Несколько пристыженный, я виновато склонил голову.

— Я сейчас прочту тебе два отрывка — на английском и немецком, ты ведь владеешь этими языками?

Я кивнул.

— Попробуй запомнить и пересказать на русском их содержание. Итак, фрагмент первый:


«I find thee apt;

And duller shouldst thou be than the fat weed

That rots itself in ease on Lethe wharf,

Wouldst thou not stir in this. Now, Hamlet, hear.

«Tis given out that, sleeping in my orchard,

A serpent stung me; so the whole ear of Denmark

Is by a forged process of my death

Rankly abus’d; but know, thou noble yout

The serpent that did sting thy father’s life

Now wears his crown».


Я начал переводить:

— «Я нахожу тебя подходящим, и ты был бы тупее жирного сорняка, легко гниющего на пристани Леты, если бы не вмешался в это…» Стоп. Нет, так не пойдёт! Слушай:


«Вижу, ты готов;

Но даже будь ты вял, как тучный плевел,

Растущий мирно у летейских вод,

Ты бы теперь воспрянул. Слушай, Гамлет;

Идёт молва, что я, уснув в саду,

Ужален был змеёй; так ухо Дании

Поддельной басней о моей кончине

Обмануто; но знай, мой сын достойный:

Змей, поразивший твоего отца,

Надел его венец».


— О! Отлично! Вот второе стихотворение:


«Ich denke dein, wenn mir der Sonne Schimmer

Vom Meere strahlt;

Ich denke dein, wenn sich des Mondes Flimmer

In Quellen malt.

Ich sehe dich, wenn auf dem fernen Wege

Der Staub sich hebt;

In tiefer Nacht, wenn auf dem schmalen Stege

Der Wandrer bebt.

Ich höre dich, wenn dort mit dumpfem Rauschen

Die Welle steigt.

Im stillen Hain da geh ich oft zu lauschen,

Wenn alles schweigt.

Ich bin bei dir, du seist auch noch so ferne.

Du bist mir nah!

Die Sonne sinkt, bald leuchten mir die Sterne.

O wärst du da!»


Я напрягся, припоминая, и выдал:


«Блеснёт заря, а всё в моем мечтаньи

Лишь ты одна,

Лишь ты одна, когда поток в молчаньи

Сребрит луна.

Я зрю тебя, когда летит с дороги

И пыль и прах,

И с трепетом идёт пришлец убогий

В глухих лесах.

Мне слышится твой голос несравненный

И в шуме вод;

Под вечер он к дубраве оживленной

Меня зовёт.

Я близ тебя; как не была б далёко,

Ты всё ж со мной.

Взошла луна.
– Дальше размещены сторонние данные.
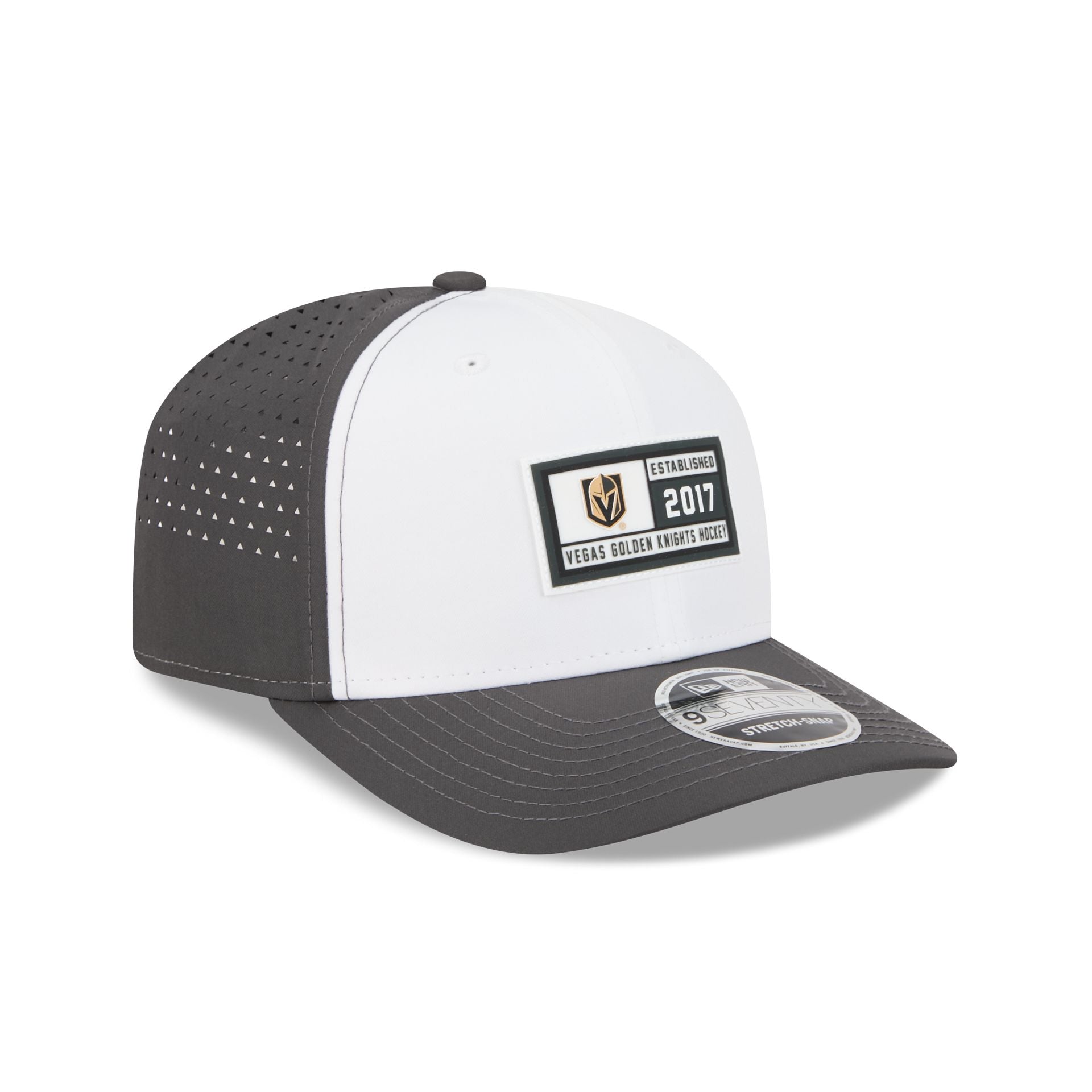 The Vegas Golden Knights Est. Patch 9SEVENTY Stretch-Snap features a woven silicone Golden Knights establishment patch at the front panels with a slant-snap closure at a performance mesh rear and a gray undervisor.

Когда б в сей тьме глубокой

Я был с тобой!»


По-моему, Лера была немного ошарашена… Однако, собравшись с мыслями, продолжила:

— Пойдём дальше. Посмотри на картинку, — она вывела на экран цветное изображение здания с треугольным фронтоном, украшенного колоннами; слева росли деревья, справа располагался пруд, на глади которого виднелись несколько лодок с пассажирами и гребцами; краешек солнца, выглядывающий из-за кучевых облаков-барашков довершал композицию. — Даю тебе две минуты, постарайся запомнить максимальное количество деталей этого пейзажа.

Я уставился на картину, мысленно приказав себе отключиться от внешнего мира, сосредоточившись исключительно на прямоугольнике монитора. Окружающее стало нерезким, внешние звуки приглушились, осталось только изображение, чёткость которого возросла в десятки раз — я видел даже трещинки на колоннах здания. Внутренние часы отсчитали 120 секунд, я отвёл глаза от экрана. Лера удивлённо взглянула на меня, запоздало убирая картинку.

— Ну-с, начнём, — она заглянула в бумажку, извлечённую из кармана. — Сколько колонн у дворца?

— Двенадцать, — не задумываясь ответил я.

— С какой стороны от здания растут дубы и сколько их?

— Слева, четыре.

— Сколько лодок ты видел?

— Пять.

— А сколько всего людей в лодках?

— Двенадцать, — я заметил растерянность, промелькнувшую в её взоре.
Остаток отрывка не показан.